Ravens' practice nearly perfect

Team dominates 'Skins in scrimmage

Sanders surprises with 2 sacks

August 07, 2005|By Jamison Hensley | Jamison Hensley,SUN STAFF

If yesterday's scrimmage against the Washington Redskins served as a gauge, the Ravens could be full of surprises this season.

In the midst of the Ravens' dominating effort (no score was officially kept), the M&T Bank Stadium crowd of 35,517 could only watch in disbelief as Deion Sanders recorded a couple of sacks and Patrick Johnson caught a pass for the team's only touchdown.

For Johnson, it was a change of perspective. For Sanders, it was a change of position.

Playing in the slot instead of on the outside, Sanders exploited several open lanes to the quarterback, captaining a high-pressured defense that sacked Redskins starter Patrick Ramsey four times on 12 passing plays.

"That shows you how deadly that defense is," defensive end Terrell Suggs said. "We got people doing astronomical things at places they're not supposed to be doing it."

The pass rusher then joked about Sanders' new fondness for sacks, saying, "My job is definitely threatened. I've got to go back to the drawing board."

Although tackling the quarterback wasn't permitted, there was a near celebration after Sanders' first tap of Ramsey.

A Ravens official playfully approached Sanders about announcing his first career sack to the stadium, but the 14-year veteran responded with the date, the game, the quarterback and the situation of his last and only NFL sack.

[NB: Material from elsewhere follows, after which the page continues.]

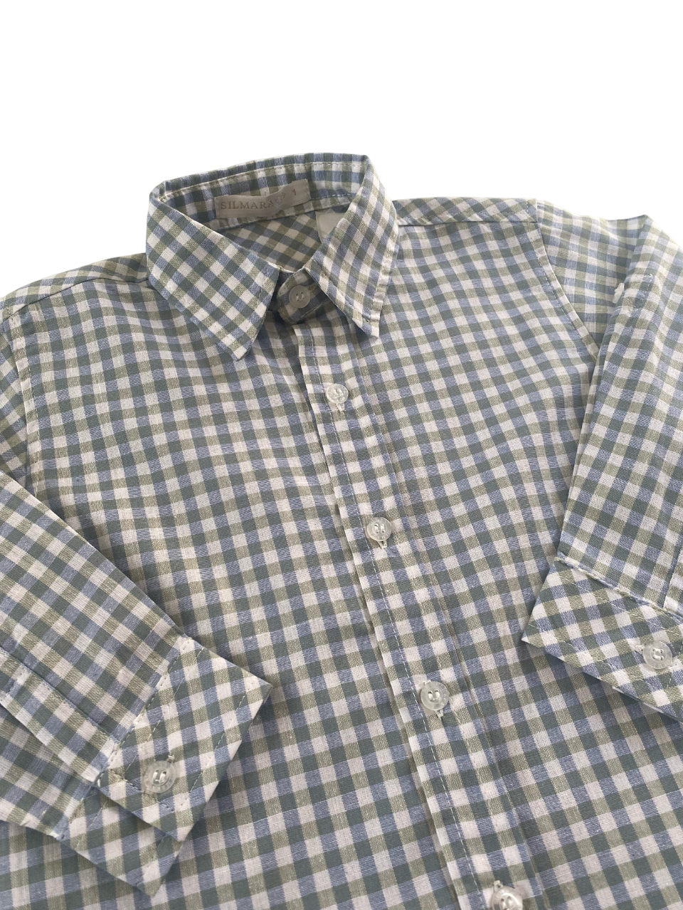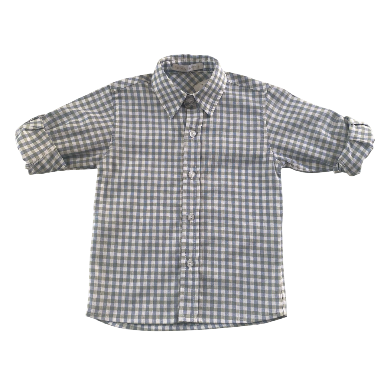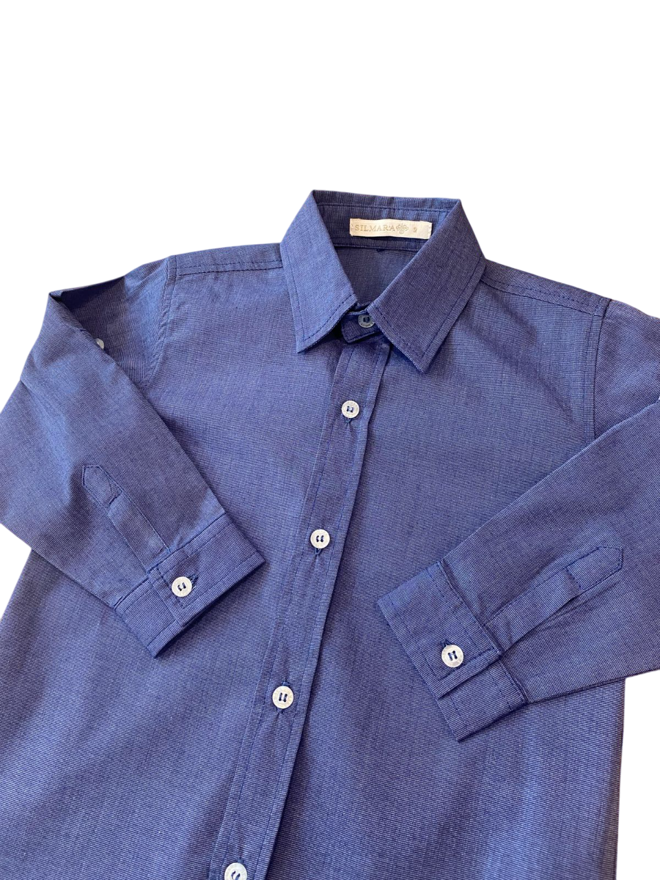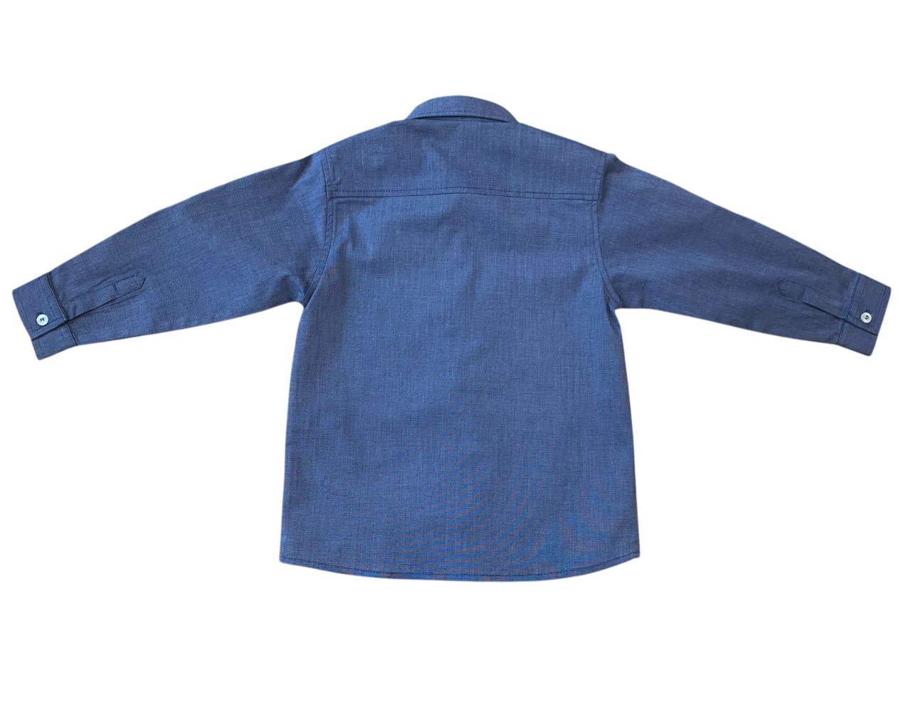 Camisa no tecido plano com gola bico e martingale. 100% algodão.
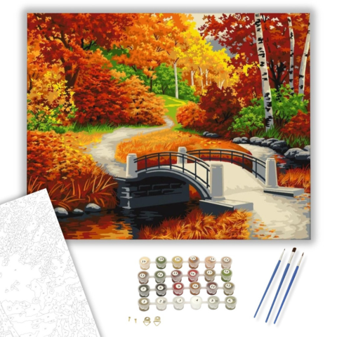 Őszi séta a parkban - számfestő készlet – 40×50 cm (Keretre feszítve) Az őszi táj meleg színeivel magával ragadó nyugalmat áraszt, mintha egy csendes séta közepébe csöppennénk. A kép mesés világot idéz, ahol minden levél egy történetet mesél el. A narancs

It was 1991 against Jeff Hostetler and it resulted in a touchdown.

"I've never been in a position where I blitzed on occasion," Sanders said, "but now I can drop into coverage or blitz."

There was similar awe after Johnson laid out for a 32-yard touchdown pass from Anthony Wright.

In his third stint with the Ravens, he is trying to change his reputation as a wide-out who drops passes. Johnson, a 1998 second-round pick of the Ravens, was the leading receiver of the scrimmage with four catches for 62 yards.

His impressive start in this camp might have leapfrogged him over Devard Darling and Randy Hymes for the fourth receiver spot.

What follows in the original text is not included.